Iteration 3: Finding Harder Examples
┌─────────────────────────────────────────────────────────────────┐
│ ITERATION 3 │
├─────────────────────────────────────────────────────────────────┤
│ │
│ Step 3.1: Select candidate_1 (still only one on frontier) │
│ │
│ Step 3.2: Sample next minibatch: [T8, T4, T6] │
│ │
│ Step 3.3: Evaluate candidate_1 on minibatch │
│ │
│ T8: "What is 7+8?" → Score 1.0 ✓ │
│ T4: "What is 10÷2?" → Score 1.0 ✓ │
│ T6: "What is 8-3?" → Score 1.0 ✓ │
│ │
│ Still perfect!
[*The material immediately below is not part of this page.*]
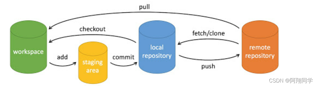 Git 常用的是以下 6 个命令:git clone、git push、git add 、git commit、git checkout、git pull,命令从0开始,我们一一介绍。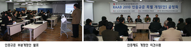 Çѱ¹°ÇÃàÇб³À°ÀÎÁõ¿ø 2010 ÀÎÁõ±ÔÁØ Æ¯º° °³Á¤ °øÃ»È¸ ÀÏ ½Ã : 2012³â 1¿ù 19ÀÏ(¸ñ), ¿ÀÈÄ 14:00 ~ Àå ¼Ò : Çѱ¹°ÇÃàÇб³À°ÀÎÁõ¿ø(´ëÇѰÇÃàÇÐȸ B/D ÁöÇÏ2Ãþ) ÁÖ °ü : Çѱ¹°ÇÃàÇб³À°ÀÎÁõ¿ø ´ë »ó : KAAB ÀÎÁõ´ë»ó °ÇÃàÇб³À° ÇÁ·Î±×·¥ °ÇÀοøÀº 2005³â ÀÎÁõ±ÔÁØ¿¡¼ ³ªÅ¸³ °³¼±Á¡µéÀ» º¸¿ÏÇÏ¿© 2010³â ÀÎÁõ±ÔÁØÀ» °øÇ¥ÇÏ¿´À¸³ª °ÇÃà»ç¹ý °³Á¤°ú °íµî±³À°¹ý¿¡ ÀÇÇÑ ÀÎÁ¤±â°ü ÁöÁ¤ ½É»ç°úÁ¤¿¡¼ ³ªÅ¸³ ÀϺΠº¸¿Ï»çÇ×À» ¹Ý¿µÇÏ¿© ÀÎÁõ±ÔÁØ °³Á¤À» ÃßÁøÇÏ°Ô µÇ¾ú´Ù. µû¶ó¼ 2010 ÀÎÁõ±ÔÁØ ÀϺΠ°³¼±¾È¿¡ ´ëÇÑ Àǰ߼ö·ÅÀ» À§ÇØ Àü±¹ÀÇ ÀÎÁõ´ë»ó ÇÁ·Î±×·¥ ´ëÇ¥¸¦ ´ë»óÀ¸·Î °øÃ»È¸¸¦ °³ÃÖÇÏ¿´À¸¸ç ¶ÇÇÑ °ÇÃàÇб³À° ÀÎÁõ»ç¾÷ ÇöȲ ¹× °ÇÃàÇб³À° ÇÁ·Î±×·¥ ¿î¿µ °³¼± ¹æ¾È¿¡ ´ëÇÑ ¼³¸í µîÀÌ ÀÌ·ç¾îÁ³´Ù.

Skip reflection again. │
│ │
│ Step 3.4: End of epoch! │
│ ───────────────────── │
│ │
│ We've now seen all 9 training examples. │
│ │
│ BatchSampler reshuffles for next epoch! │
│ New order: [T5, T1, T8, T3, T9, T6, T4, T2, T7] │
│ │
└─────────────────────────────────────────────────────────────────┘
The Complete Data Flow Diagram
┌─────────────────────────────────────────────────────────────────────────────┐
│ GEPA DATA FLOW │
├─────────────────────────────────────────────────────────────────────────────┤
│ │
│ ┌───────────────────┐ ┌───────────────────┐ │
│ │ TRAINSET │ │ VALSET │ │
│ │ │ │ │ │
│ │ T1, T2, T3... │ │ V1, V2, V3, V4 │ │
│ │ (many examples) │ │ (held-out test) │ │
│ └─────────┬─────────┘ └─────────┬─────────┘ │
│ │ │ │
│ │ Sample minibatch │ Full evaluation │
│ │ (3 examples) │ (all examples) │
│ │ │ │
│ ▼ │ │
│ ┌───────────────────┐ │ │
│ │ EXECUTE WITH │ │ │
│ │ TRACE CAPTURE │ │ │
│ │ │ │ │
│ │ "Why did this │ │ │
│ │ fail?" │ │ │
│ └─────────┬─────────┘ │ │
│ │ │ │
│ │ Traces + Scores │ │
│ │ │ │
│ ▼ │ │
│ ┌───────────────────┐ │ │
│ │ REFLECTION │ │ │
│ │ (GPT-4) │ │ │
│ │ │ │ │
│ │ "The prompt │ │ │
│ │ failed because │ │ │
│ │ ... Try this │ │ │
│ │ instead..." │ │ │
│ └─────────┬─────────┘ │ │
│ │ │ │
│ │ New candidate prompt │ │
│ │ │ │
│ ▼ │ │
│ ┌───────────────────┐ │ │
│ │ NEW CANDIDATE │──────────────────────────────┘ │
│ │ │ Evaluate on valset │
│ │ "Read the math │ (no traces needed, │
│ │ problem..." │ just scores) │
│ └─────────┬─────────┘ │
│ │ │
│ │ Scores on each validation example │
│ │ │
│ ▼ │
│ ┌───────────────────┐ │
│ │ PARETO FRONTIER │ │
│ │ UPDATE │ │
│ │ │ │
│ │ "Is this prompt │ │
│ │ better? On │ │
│ │ which tasks?" │ │
│ └─────────┬─────────┘ │
│ │ │
│ │ Updated frontier │
│ │ │
│ ▼ │
│ ┌───────────────────┐ │
│ │ NEXT ITERATION │──────────────────┐ │
│ │ │ │ │
│ │ Select candidate │ │ │
│ │ from frontier │ │ │
│ └───────────────────┘ │ │
│ ▲ │ │
│ │ │ │
│ └────────────────────────────┘ │
│ LOOP │
│ │
└─────────────────────────────────────────────────────────────────────────────┘
Summary: The Two Data Paths
| Aspect | TRAINSET Path | VALSET Path |
|---|---|---|
| Purpose | Learn from mistakes | Measure true performance |
| When used | During reflection | After creating new candidate |
| How much | Small minibatch (3-5 examples) | All examples (or sample) |
| Traces captured? | YES (need to analyze) | NO (just need scores) |
| Output | Insights → New prompt | Scores → Pareto frontier |
| Analogy | Practice problems | Final exam |
Why This Separation Matters
Problem: Overfitting to Training Data
If we only used trainset for both learning AND scoring:
- Iteration 1: Learn from T1, T2, T3 → Create prompt that's perfect for T1, T2, T3
- Iteration 2: Score on T1, T2, T3 → "100%! We're done!"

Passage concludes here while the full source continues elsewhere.